DATA BELOW START

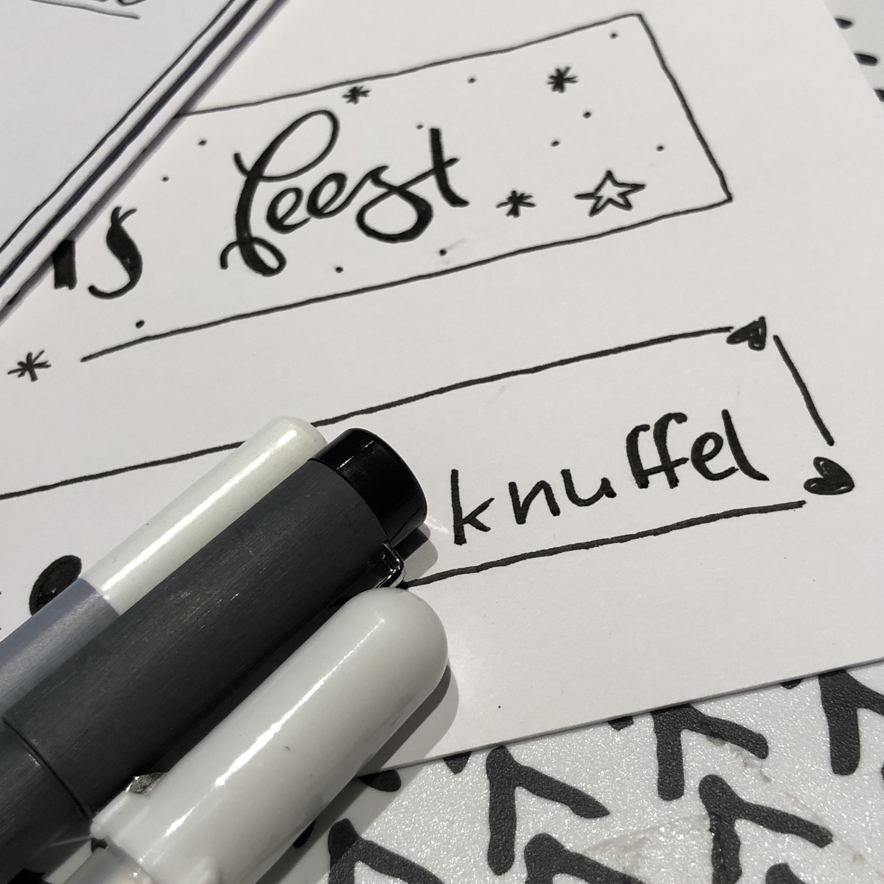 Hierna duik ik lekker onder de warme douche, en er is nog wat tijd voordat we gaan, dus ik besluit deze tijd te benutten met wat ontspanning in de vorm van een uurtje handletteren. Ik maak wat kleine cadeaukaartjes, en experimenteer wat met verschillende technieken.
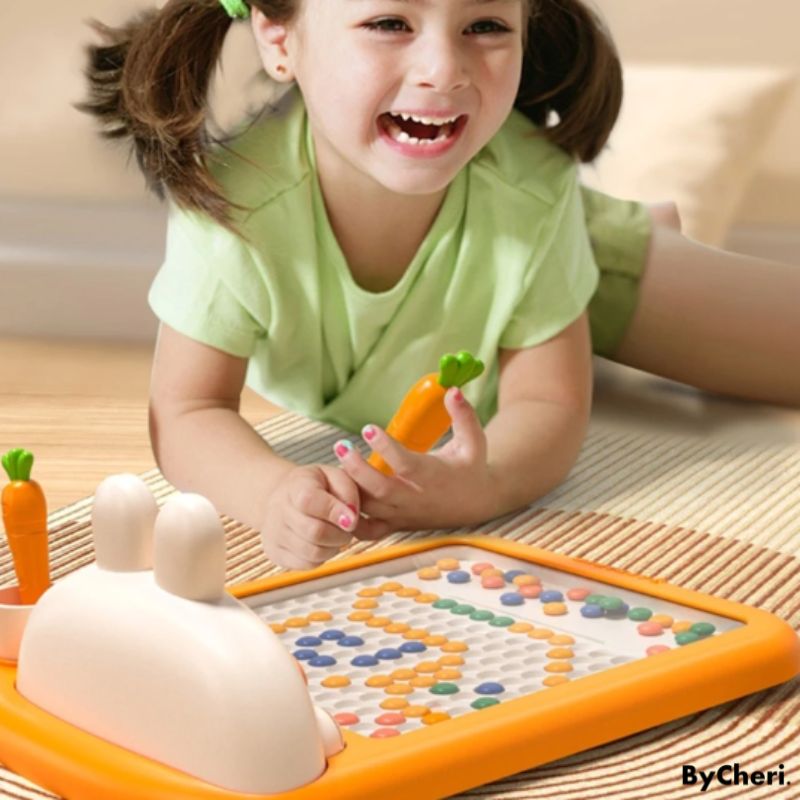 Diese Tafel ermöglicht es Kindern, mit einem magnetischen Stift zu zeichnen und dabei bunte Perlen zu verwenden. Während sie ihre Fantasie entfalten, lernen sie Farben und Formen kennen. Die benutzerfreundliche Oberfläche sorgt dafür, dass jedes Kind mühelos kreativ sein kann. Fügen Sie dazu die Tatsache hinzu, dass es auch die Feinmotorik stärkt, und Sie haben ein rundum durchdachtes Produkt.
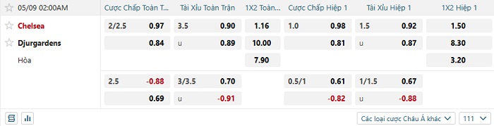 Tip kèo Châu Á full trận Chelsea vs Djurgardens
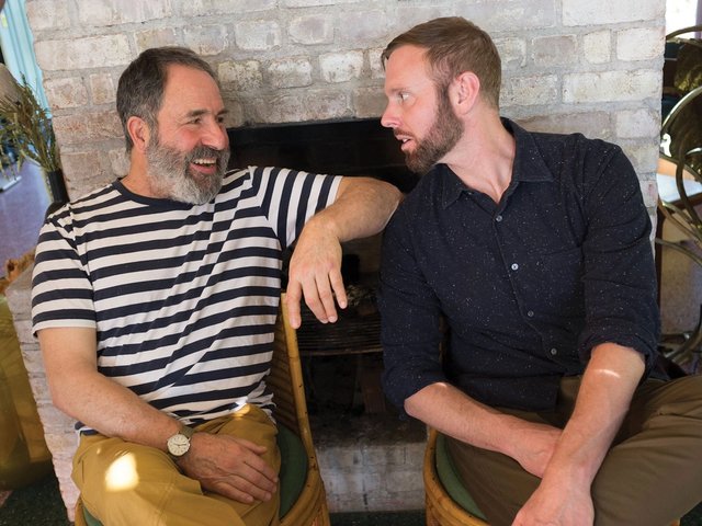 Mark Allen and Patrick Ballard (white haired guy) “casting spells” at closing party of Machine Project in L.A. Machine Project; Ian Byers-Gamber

DATA BELOW END

▸ **TASK STATEMENT**:
Could you restate the material word for word, omitting the pictures?

▸ **ANSWER SECTION**:
 Hierna duik ik lekker onder de warme douche, en er is nog wat tijd voordat we gaan, dus ik besluit deze tijd te benutten met wat ontspanning in de vorm van een uurtje handletteren. Ik maak wat kleine cadeaukaartjes, en experimenteer wat met verschillende technieken.
 Diese Tafel ermöglicht es Kindern, mit einem magnetischen Stift zu zeichnen und dabei bunte Perlen zu verwenden. Während sie ihre Fantasie entfalten, lernen sie Farben und Formen kennen. Die benutzerfreundliche Oberfläche sorgt dafür, dass jedes Kind mühelos kreativ sein kann. Fügen Sie dazu die Tatsache hinzu, dass es auch die Feinmotorik stärkt, und Sie haben ein rundum durchdachtes Produkt.
 Tip kèo Châu Á full trận Chelsea vs Djurgardens
 Mark Allen and Patrick Ballard (white haired guy) “casting spells” at closing party of Machine Project in L.A. Machine Project; Ian Byers-Gamber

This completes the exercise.